Editorial

What sports teach us about failure

Jim Huffman Dean Emeritus, Lewis & Clark Law School
Font Size:

Last week I accompanied my 17-year-old son to a baseball camp on Long Island. I’ve watched a lot of baseball over my son’s progress from Little League to high school, but the camp served to underscore what is often said about baseball — it is a game in which failure comes far more often than success. On average, a good hitter fails seven out of every ten times at bat, and a missed ground ball at third base is called an error.

At camps like the one on Long Island, the reality of failure as part of life, as well as of the game, is amplified. Two hundred young men, each hoping their baseball skills will help get them into a good college, perform in front of coaches from 60 colleges. Infielders, like my son, get four or five ground balls and eight swings of the bat in a showcase watched by all the coaches. Then they play in four truncated games, getting a total of maybe eight at bats and a few plays in the field (depending on whether and where the ball is hit). Because four games happen simultaneously, about a quarter of the coaches see the players in any particular game. Failure to get a hit, or a muffed ground ball, may be all it takes to explain why no coaches are in touch after the camp. This is not just baseball — this is where you might have the opportunity to go to college.

Later in the week I watched Morgan Uceny fall in the women’s 1500m race in the Olympics. She was in a position to challenge for a medal. It was a devastating disappointment for the young woman who had trained and sacrificed for years just for the opportunity to be in the race. And the same thing had happened to her a year earlier in the World Championships.

Uceny failed in a particularly dramatic way, but she joined thousands of other Olympic athletes in failure. Of the over 10,000 individuals participating in the games, more than 90% left with no medal and fewer than 300 actually won their competitions and were awarded gold medals. That is a lot of failure and a lot of disappointed people.

But few — not even Uceny, who was tripped by another runner — are complaining. No medals were awarded to those who lost because they had tried hard, or because they were favored to win before the games. Nor was Saudi Sarah Attar, who finished a distant last in her 800m heat, awarded a medal, though she was clearly disadvantaged by her country’s generations-long ban on female participation in sports.

It is often said, usually be self-serving high school and college coaches, that sports are good training for life. My son’s Long Island baseball camp and the Olympics both confirm that they are right, notwithstanding the modern trend in youth sports to emphasize participation and downplay competition. Winning isn’t everything, but there is no way around the fact that there are one winner and lots of losers in every race.

Like most aspects of life, serious participation in sports requires investment and risk taking — investment of time, physical exertion and mental concentration — taking the risk of failure, of coming in second or even last. But I fear that athletic competition is fast becoming the only part of our lives where we continue to recognize and accept these incontrovertible realities.
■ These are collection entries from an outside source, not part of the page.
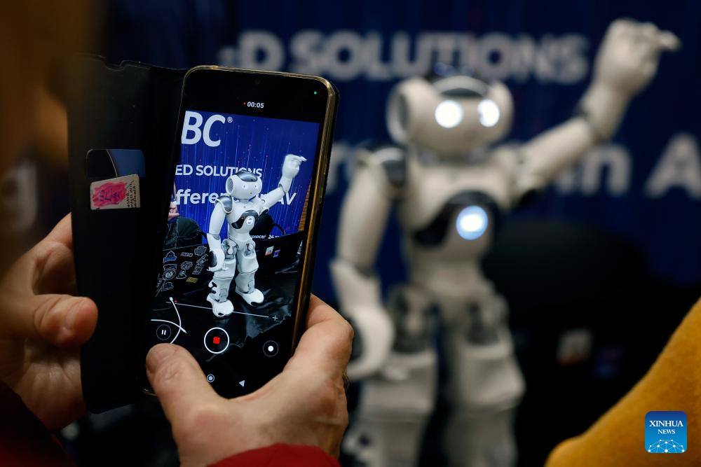 A visitor takes pictures of a humanoid robot during the 4th edition of the Robofest, a technology festival, at the Politehnica University of Bucharest in Bucharest, Romania, Nov. 1, 2025. The three-day festival including the 16th edition of the Robochallenge is held here from Oct. 31 to Nov. 2. (Photo by Cristian Cristel/Xinhua)
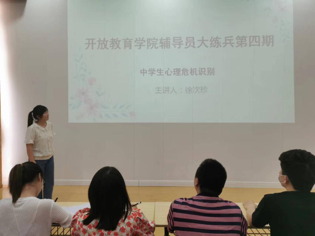 为切实保障学生安全,杜绝因心理问题导致的校园安全事故的发生,切实掌握开展学生心理健康教育的正确方法,了解心理危机干预的注意事项,营造安全稳定的校园环境,我院开展了辅导员练兵第四期主题培训会,本期由辅导员徐次珍老师围绕“学生心理危机干预”开讲。
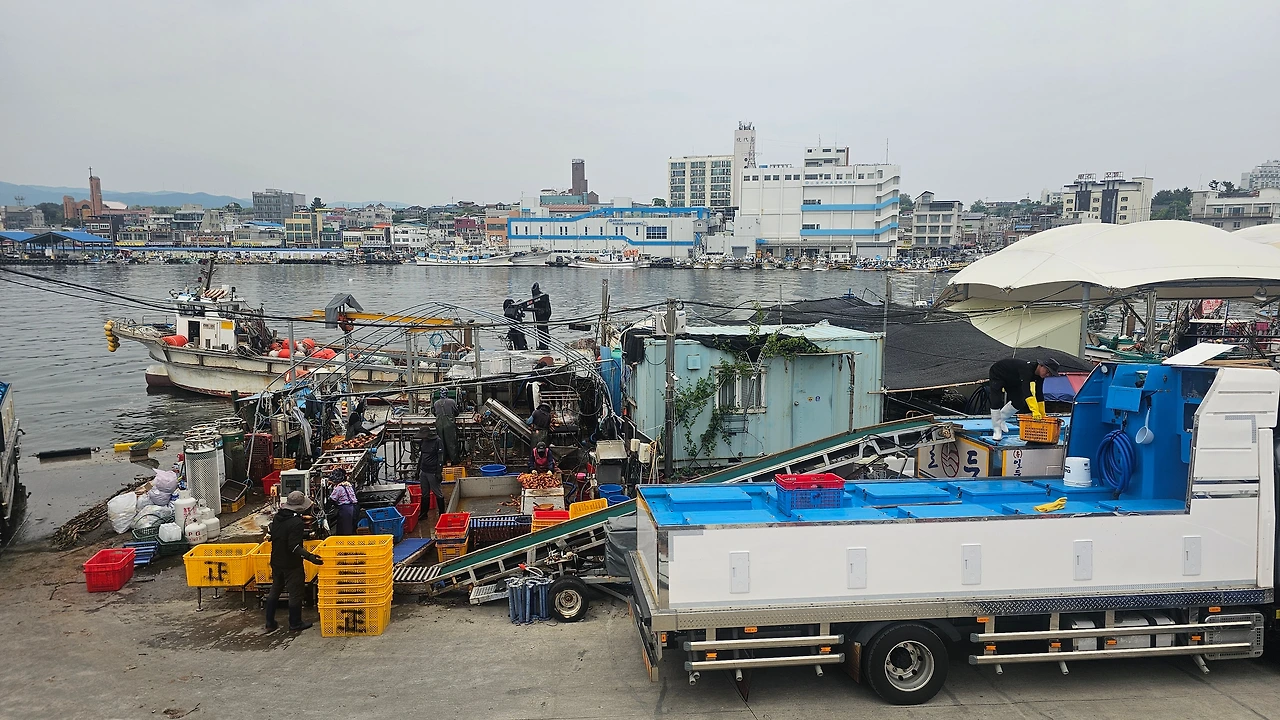 물통을 내려놓고 준비운동을 시작하는데 눈에 들어온 풍경이 낯설었다. 큰 트럭이 한쪽에 서있고 컨베이어 벨트를 닮은 기구가 부지런히 돌아가고 있었다. 걸음을 멈춰서 자세히 살펴보니 한 무리의 작업자들이 바다에서 막 따온 멍게를 선별하고 있었다. 그물에서는 바다의 심장 같은 뻘건 멍게들이 줄줄이 딸려 올라오고 있었다. 그것을 간단히 세척하고 나누어 물차에 싣는 작업이 한창이었다.
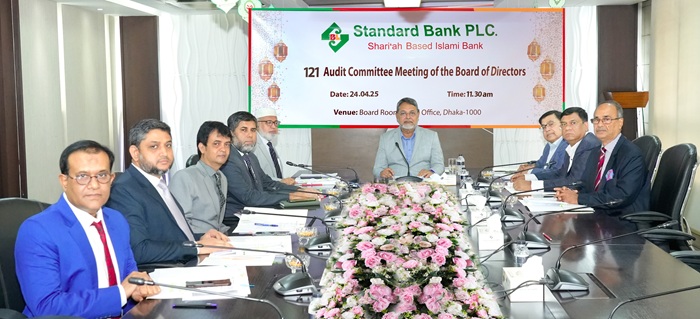 নিজস্ব প্রতিবেদকঃ স্ট্যান্ডার্ড ব্যাংক পিএলসি. এর অডিট কমিটির ১২১তম সভা ২৪ এপ্রিল ২০২৫ তারিখে ঢাকায় ব্যাংকের প্রধান কার্যালয়ের বোর্ডরুমে কমিটির চেয়ারম্যান খন্দকার রুমী এহসানুল হক-এর সভাপতিত্বে অনুষ্ঠিত হয়।
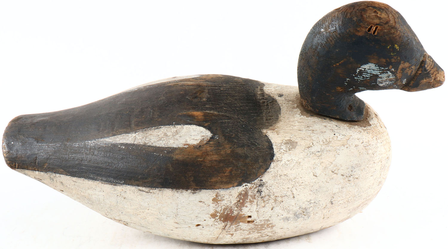 Goldeneye Drake by unknown maker, painted eyes, solid wood, original paint, structurally excellent. Grade: Very Good ++ - Value: 50 to 100
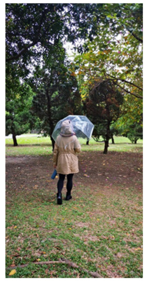 For the exposure, we arranged for four weekly 45 min visits to observe the impact of exposure to the same greenspace over a series of sessions. Some degree of flexibility was allowed for the participants to schedule the weekly sessions, that is, at most two days earlier or later than the original schedule, to accommodate their routine. As a result, the sessions were spaced out over an interval of five to nine days. For the experience, walking, sitting alone, or doing both were allowed, while it was recommended not to sleep, conversate, use a cell phone, perform physical exercise, or eat. To reduce interference by insects, outdoor group participants were advised to wear pants and long sleeves. A raincoat, transparent umbrella, and mosquito repellent were provided so participants could appreciate the environment in any conditions. Two sessions were rescheduled, one due to heavy rain and one due to chilly weather.
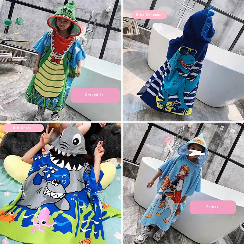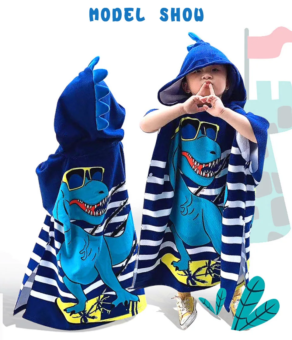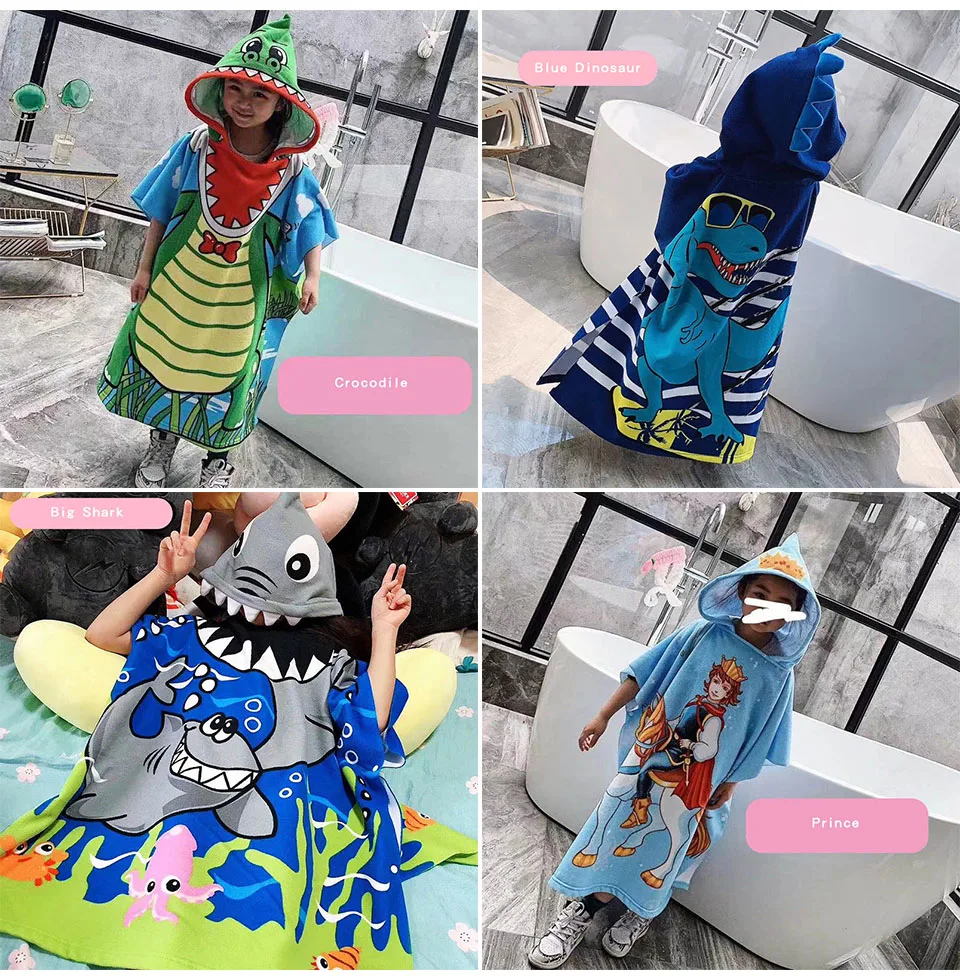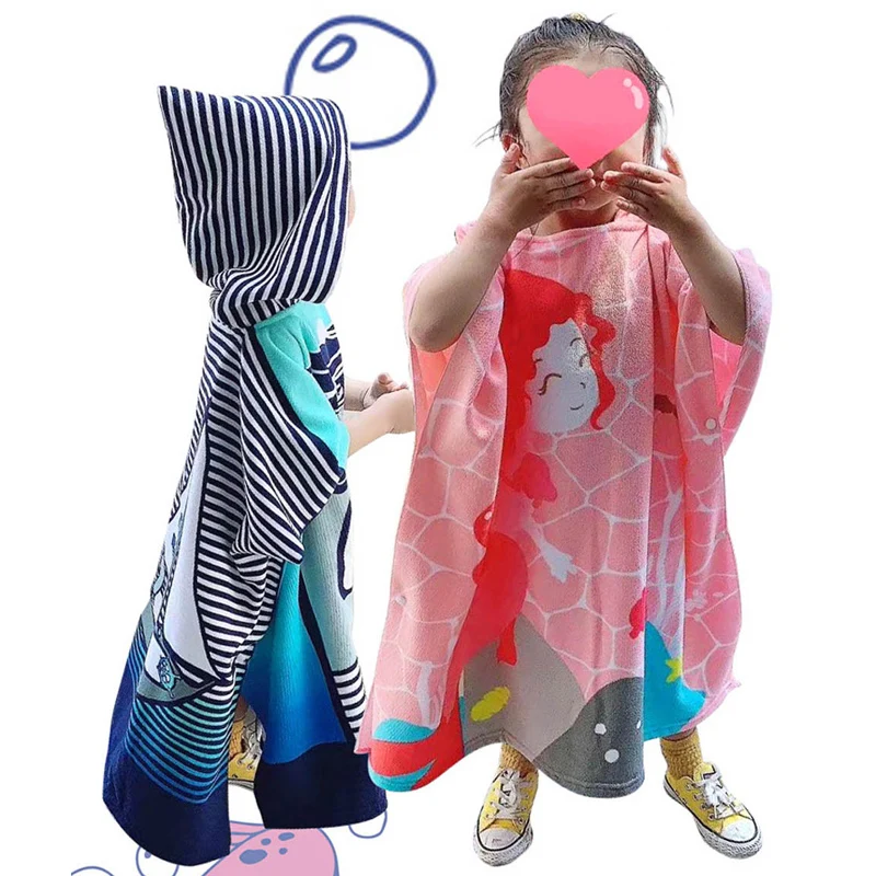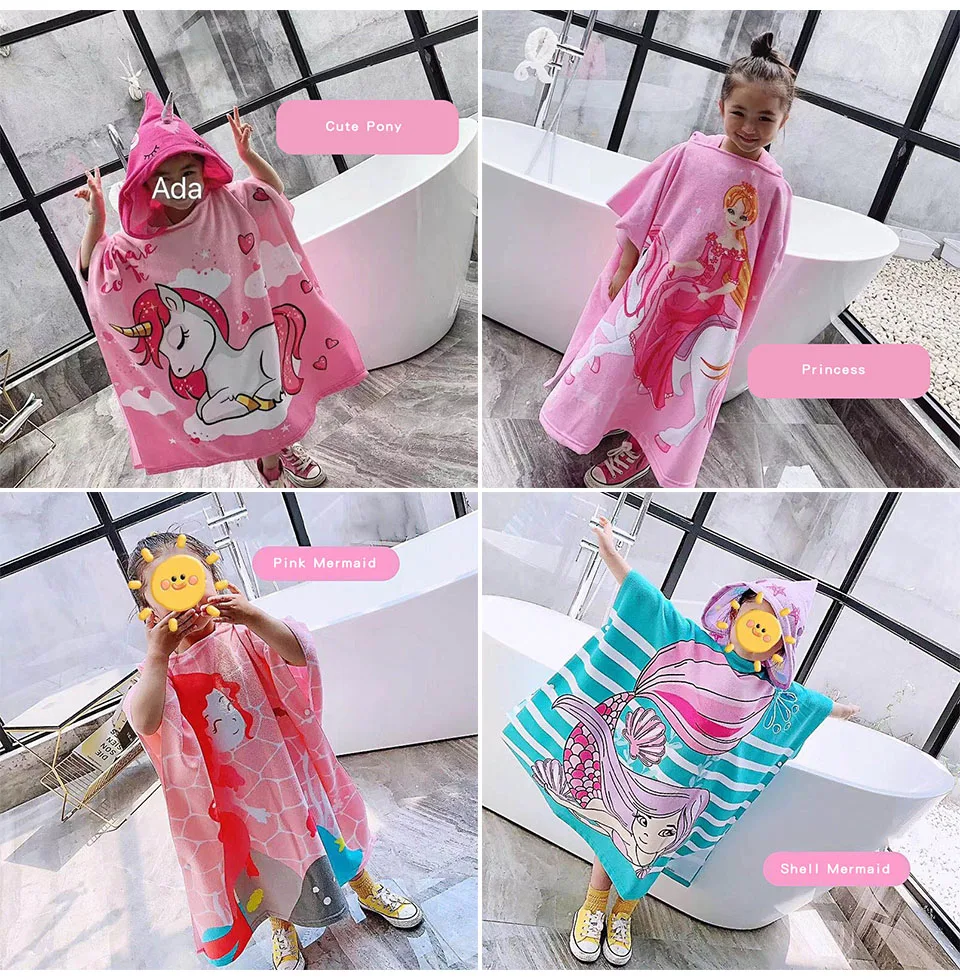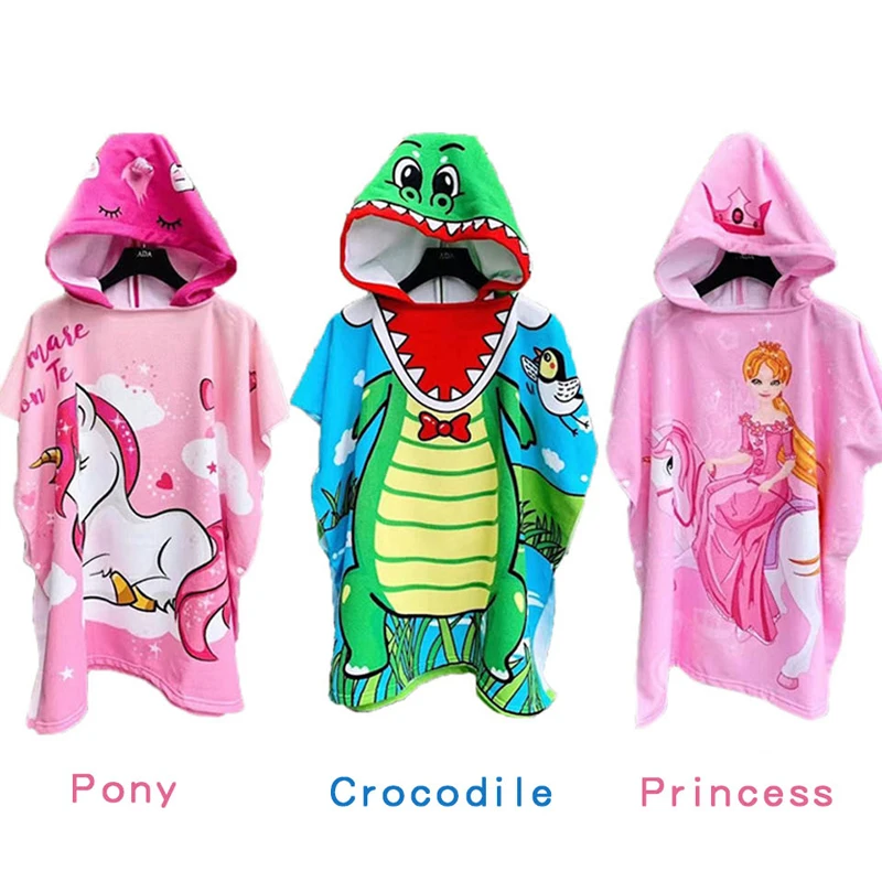 Детский банный халат для девочек, Пляжное Пончо, милый банный халат с капюшоном в виде пони, динозавра, русалки, для серфинга, купания, банное полотенце для детей

We seem to be in constant search of ways to shift the costs of failed investments and risks gone bad — to assure that everyone is awarded a gold medal.

Both the Olympics and baseball should remind us that failure is part of life. Neither parents nor the government can alter that reality, though both can cushion the fall. In doing so, however, it is important that we not discourage our children or our fellow citizens from getting back on their feet to try again.

I have no idea whether my son will have the opportunity to play college baseball, but I am confident that baseball has taught him that a strikeout means he has to work even harder to figure out how to hit a nasty pitch. Then, like Morgan Uceny, he will be better able to cope with the nasty pitches life will inevitably throw his way.

Jim Huffman is the dean emeritus of Lewis & Clark Law School, the co-founder of Northwest Free Press and a member of the Hoover Institution’s De Nault Task Force on Property Rights, Freedom and Prosperity.